Figure 2 shows representative cluster profiles for the 8-cluster model, ordered from lowest (FC1) to highest (FC8) cumulative inflammatory burden. FC2 (n=67; ∼6%) represents low FC values throughout the whole observation period. Instead, FC1 (n=140; ∼14%) and FC3 (n=157; ∼15%) and FC7 (n=244; ∼24%) were characterised by initially high FC values (>250 μg/g) which decreased over time at different rates. Whilst FC1 exhibited a sharp decrease within the first year, the decrease was more gradual for FC3 and FC7, where FC was normalised (<250 μg/g) approximately around two and five years post diagnosis, respectively. Furthermore, FC4 (n=103; ∼10%), FC5 (n=67; ∼6%) and FC6 (n=64; ∼6%) capture relapsing and remitting patterns of gastrointestinal inflammation.
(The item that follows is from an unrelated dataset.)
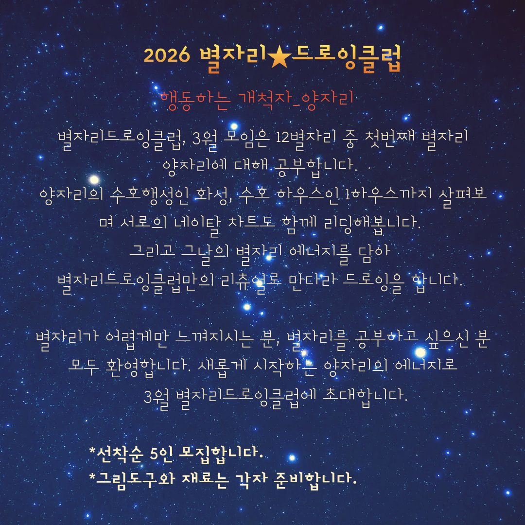 2026년, 별자리 드로잉 클럽_양자리 모임합니다.

Finally, FC8 (n=194; ∼19%) represented individuals with consistently high FC values.
Cluster trajectories obtained from LCMM assuming eight clusters fitted to FC data (log-transformed). Red lines indicate predicted mean cluster profiles with 95% confidence intervals. The blue dotted lines indicate log(250μg/g). For visualisation purposes, pseudo subject-specific trajectories have been generated by amalgamating observations from randomly selected groups of six subjects. Clusters are ordered from lowest (FC1) to highest (FC8) cumulative inflammatory burden. Cluster sizes are shown as panel titles.
Associations with respect to FC cluster assignments
Associations with respect to age, sex and IBD type were first considered. Whilst the effect of age and sex was not substantial (Figure S8), this was not the case for IBD type (Figure S9). For example, IBDU and UC patients were less likely to be assigned to FC6 (1·56% IBDU and 28·1% UC vs 11·4% and 37·3% respectively elsewhere). A similar analysis was performed after stratifying by IBD type (UC and CD only) and considering additional phenotyping (Figures S10 - S16). In most cases, effect sizes were not statistically significant (in some cases this was due to low counts and small cluster sizes). However, amongst CD patients, those without upper GI inflammation were more likely to be assigned to FC1 or FC2 (2·4% and 3·03% L4 vs 18·1% elsewhere). In UC, and to some extent CD, males were more likely to be assigned to FC8 (72% male versus 49·7% elsewhere). Finally, UC patients with ulcerative proctitis were found to be less likely to be assigned to FC3 (2·44% E1 versus 14·2% elsewhere).
FC cluster assignment and advanced therapy usage
In total, 270 (49·6%) CD and 108 (28·4%) UC subjects received an advanced therapy within the seven year observation period (Table 1). Overall AT rates and the distribution of time to first AT were not homogeneous across clusters (Figure 3). For example, whilst AT prescription rates in FC1 largely matched the overall FC cohort, prescriptions were generally earlier in this cluster, especially in CD patients. It was noteworthy that patients in FC8, with consistently high FC levels and later onset of AT, had cumulative AT rates of 56·8% in CD and 37·9% in UC by the end of the seven year observation period.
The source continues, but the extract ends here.